Remaining grounds of appeal

  1. The foregoing addresses part of ground 1, and grounds 4, 5, 6, 7 and 9 of the notice of appeal, which overlap, and all of which are directed to the deletion of the photographs.

  2. The remaining grounds may be resolved concisely. Grounds 2 and 8 are related. Ground 2 asserts error in “not finding the degree of probable violence depicted in the photographs as found by the Court of Appeal”. Ground 8 asserted error “in ignoring, not following and not referring to the findings of the Court of Appeal”, thereby referring to what was depicted in the photographs, and the analysis of the evidence as to the deletion of the photographs, contained in [81] and [82] of this Court’s judgment in 2014. Ground 1 also refers to the “findings” of this Court. All of these grounds must be rejected.

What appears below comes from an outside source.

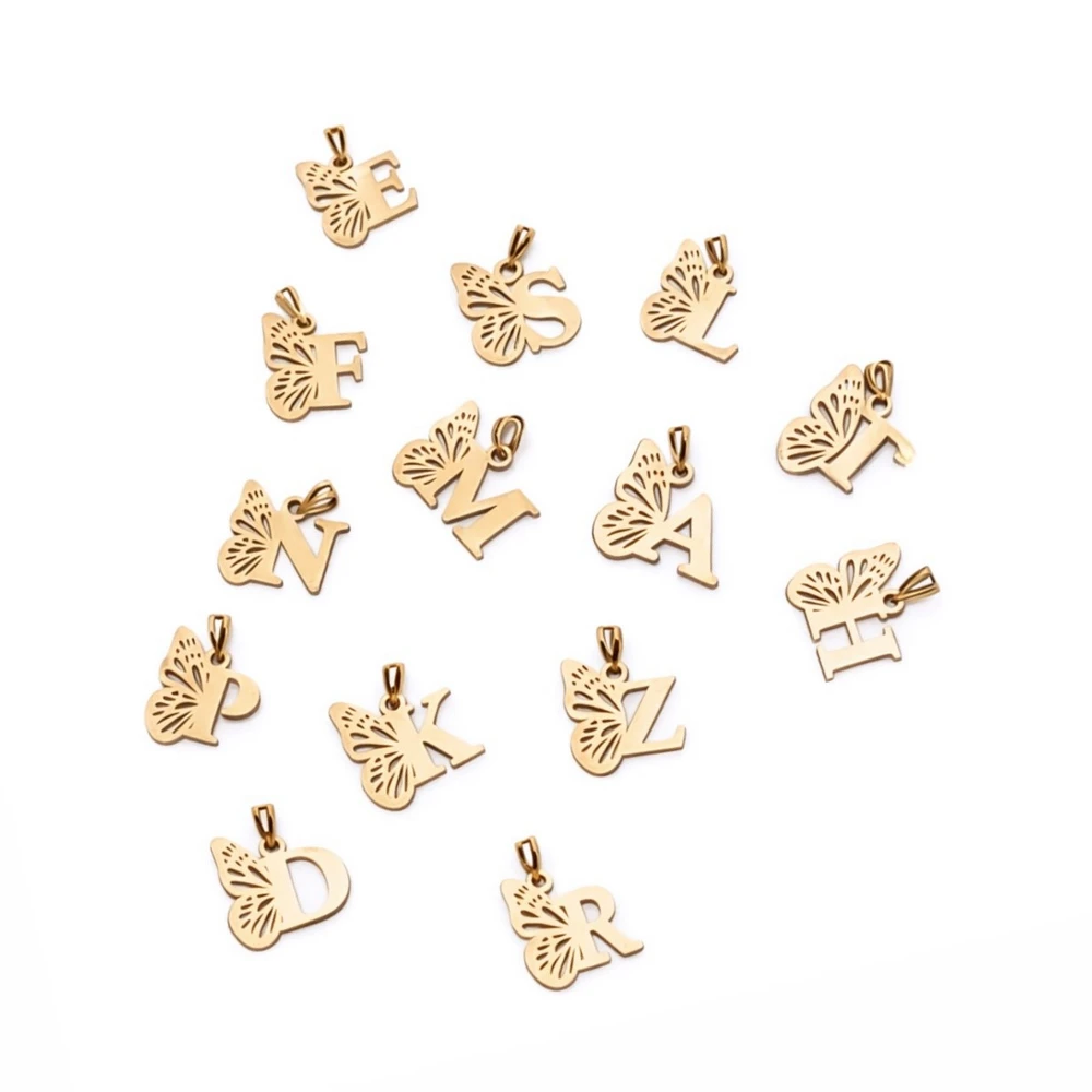 پلاک طلا حروف با تلفبق از از بال پروانه که زیبایی خاصی به پلاک طلا حروف داده است.

  3. First, there was no finding that Constable Cleofe deleted the photographs (or attempted to delete the photographs). There was instead a conclusion that the primary judge in the first trial had erred, in failing to make such a finding, based on the evidence before him. The matter was remitted for retrial, and – importantly – on all issues. That accorded with the “sound general proposition” to which Kitto J referred in Pateman v Higgin (1957) 97 CLR 521 at 527 that where there is to be a new trial, the starting point is that it ought to be of the case as a whole, and only if “more injustice” would be done by “setting the matter at large again” should there be a more limited remitter. It also accorded with what Gleeson CJ said, with the agreement of McHugh and Gummow JJ, in Waterways Authority v Fitzgibbon [2005] HCA 57; (2005) 79 ALJR 1816 at [20]:

“There remain for decision a number of unresolved questions which will depend upon the reliability of the evidence of other witnesses, including that of the first respondent. At a new trial, the trial judge will have to hear evidence, and make findings about, the circumstances of the accident. The evidence will not necessarily be the same as the evidence at the first trial. It could be significantly different. It is in the interests of justice that the judge hearing the second trial should be in a position to make a fresh appreciation of the whole of the relevant evidence, unconstrained by an artificially isolated assumption that reflects the first respondent's forensic success in the Court of Appeal.”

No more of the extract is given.